We propose HyperAgent, a reinforcement learning (RL) algorithm based on the hypermodel framework for exploration in RL. HyperAgent allows for the efficient incremental approximation of posteriors associated with an optimal action-value function ($Q^\star$) without the need for conjugacy and follows the greedy policies w.r.t. these approximate posterior samples. We demonstrate that HyperAgent offers robust performance in large-scale deep RL benchmarks. It can solve Deep Sea hard exploration problems with episodes that optimally scale with problem size and exhibits significant efficiency gains in the Atari suite. Implementing HyperAgent requires minimal code addition to well-established deep RL frameworks like DQN. We theoretically prove that, under tabular assumptions, HyperAgent achieves logarithmic per-step computational complexity while attaining sublinear regret, matching the best known randomized tabular RL algorithm.

Publication
International Conference on Machine Learning (ICML)

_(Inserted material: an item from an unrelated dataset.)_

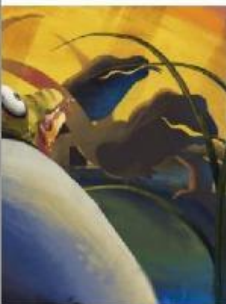
Aaaa, mereka mendekati Bayi Komodo!

Summary of technical contributions of HyperAgent

  1. New probability tools in high-dimensional probability and statistics
  • The first probability tool for sequential random projection, a non-trivial martingale extension of Johnson-Lindenstrauss (JL) for adaptively sampled data due to the sequential nature of RL;
  • A unified and simple analysis for JL via high-dimension extension of Hanson-Wright.
  1. Methodology for sequential-decision making
  • Hypermodel: efficient incremental approximation of the posterior (uncertainty quantification) over complex models without leveraging conjugacy as encountering more data;
  • Index sampling: approximate posterior sampling for data-efficient sequential decision-making.
  1. Results for sequential-decision making
  • Practically, our developed HyperAgent demonstrates its robust performance in large-scale deep RL benchmarks with significant efficiency gain in terms of both data and computation;
  • Theoretically, the first method to achieve logarithmic per-step computation and sublinear under tabular episodic RL and linear contextual bandit setups among practically scalable algorithms. At the heart of the analysis is the sequential incremental posterior approximation argument, made possible by the our developed first probability tool for sequential random projection.